6.6 Depository Account. Beginning three (3) Business Days after the Closing Date, Borrower shall use reasonable efforts to maintain at least Four Million Dollars ($4,000,000) that is unrestricted in depository and operating accounts with Bank.
6.7 Executive Officers. As promptly as possible, but in any case at least 15 days after the change of its Chief Executive Officer, President or Chief Financial Officer of Borrower, Borrower shall deliver written notice to Bank of such change.
6.8 Further Assurances.

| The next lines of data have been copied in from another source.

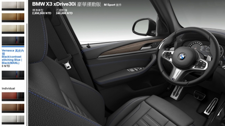 蒼天 wrote:X3、X4真的是很...(恕刪) 真的~回到現實面、可能會妥協於面面俱到的X3 不過、心中的惡魔又想到X3 & X4的折衷方案 :就是X3豪華運動版改德訂: Msport套餐(藍色車縫線內裝 + M款方向盤 + M煞車 + M懸吊)但、這追加的24萬,或許可以彌補日後在路上遇到X4 30i Msport時...不須小小嘆息唄...泛德6月的方案、豪華運動版已標配"全景天窗(比X4大) + Carplay",售價則是調整為289萬加上德訂的24萬、再小刀一下...應該也是接近300了Msport的外觀還是比較動感:M包 + M圈 + M卡鉗 有全景天窗、黑色的M內裝天篷就不會有太重的壓迫感了 我喜歡這個下巴藍色縫線的皮椅+門飾板...這只有X4引進的首批才有、M方向盤+金屬踏板+木紋飾板,一整個質感大提升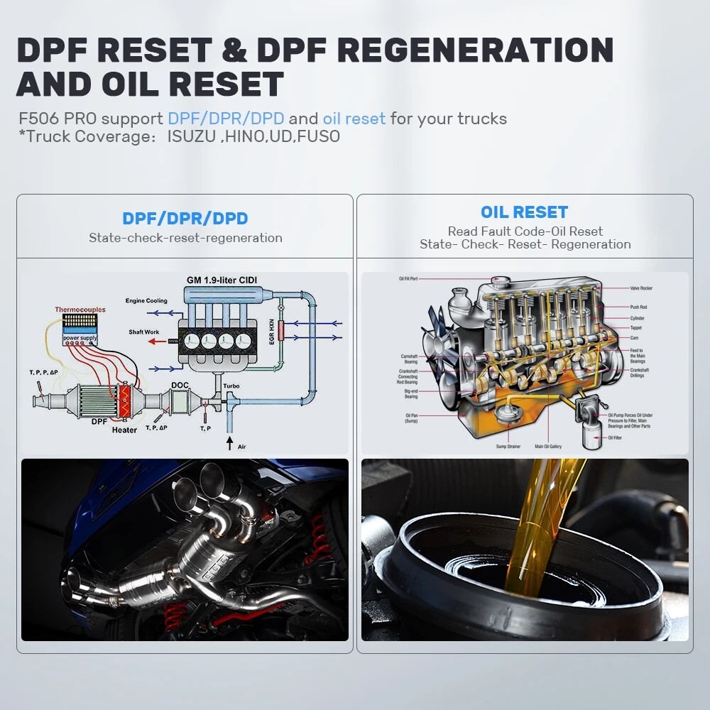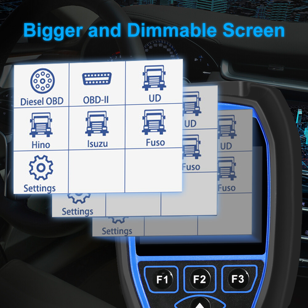 Powerful CompatibilityF506 PRO has extensive compatibility:Passenger cars, SUV’s Pickup Trucks, Truck;Tow trucks, recreational vehicles, cement trucks, dump trucks, garbage trucks, buses, step truck, municipal vehicles, refrigerated trucks, and conventional trucks;Heavy-Duty Standard compliant construction, marine, agriculture, and other industrial machinery and equipment;Diesel engines,Transmission, ABS, PDF, Service Reset, Cabin Chassis,SAE J1850PWM, SAE J1850 VPW, IS0 14230-4, IS0 9141-2,IS0 15765-4, SAE J1708, SAE J1939, OBDII. | SEARCH CODE WITH THE NUMBERThere is a built-in up-to-date OBD-II “Search codes with the number” Option in this device. Fault codes and their definitions can be found in the Option. A 3.5" TFT true color (262K) LCD display is fitted to provide a clear reading of the information contained in it. After a fault code is detected, the definition of the code will be shown by directly clicking the fault code selected. | FIX CAR BY YOUSELF--SAVE TIME AND MONEYPerform a complete diagnosis of your truck anytime, anywhere with FCAR 506 PRO check engine light diagnostic tool by youself. It is designed for fast use so you can get the results you want in the shortest time with Diagnostic Mode for reading/clearing error readers. It enables you repair the problem yourself, or let you know exactly what needs replacement in case you need to take your truck to a repair shop. This helps you avoid blind maintenance and repair costs that could amount to hundreds or thousands of dollars. |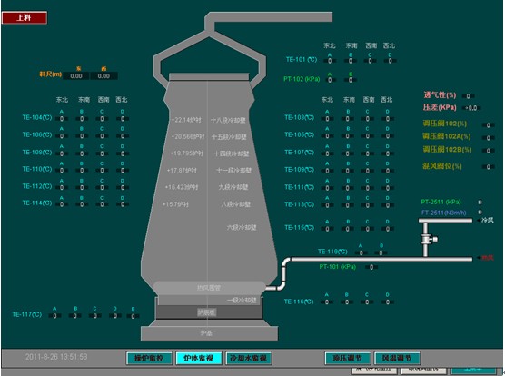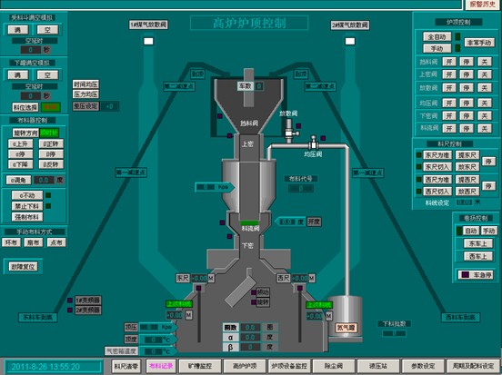 5、工長操爐畫面,通過畫面參數合理調節爐況是高爐順產、高產的關鍵。

At any time and from time to time Borrower shall execute and deliver such further instruments and take such further action as may reasonably be requested by Bank to effect the purposes of this Agreement.
7. NEGATIVE COVENANTS.
Borrower covenants and agrees that, so long as any credit hereunder shall be available and until the outstanding Obligations are paid in full or for so long as Bank may have any commitment to make any Credit Extensions, Borrower will not do any of the following without Bank’s prior written consent:
7.1 Dispositions. Convey, sell, lease, license, transfer or otherwise dispose of (collectively, to “Transfer”), or permit any of its Subsidiaries to Transfer, all or substantially all of its business or property, or move cash balances on deposit with Bank to accounts opened at another financial institution, other than Permitted Transfers.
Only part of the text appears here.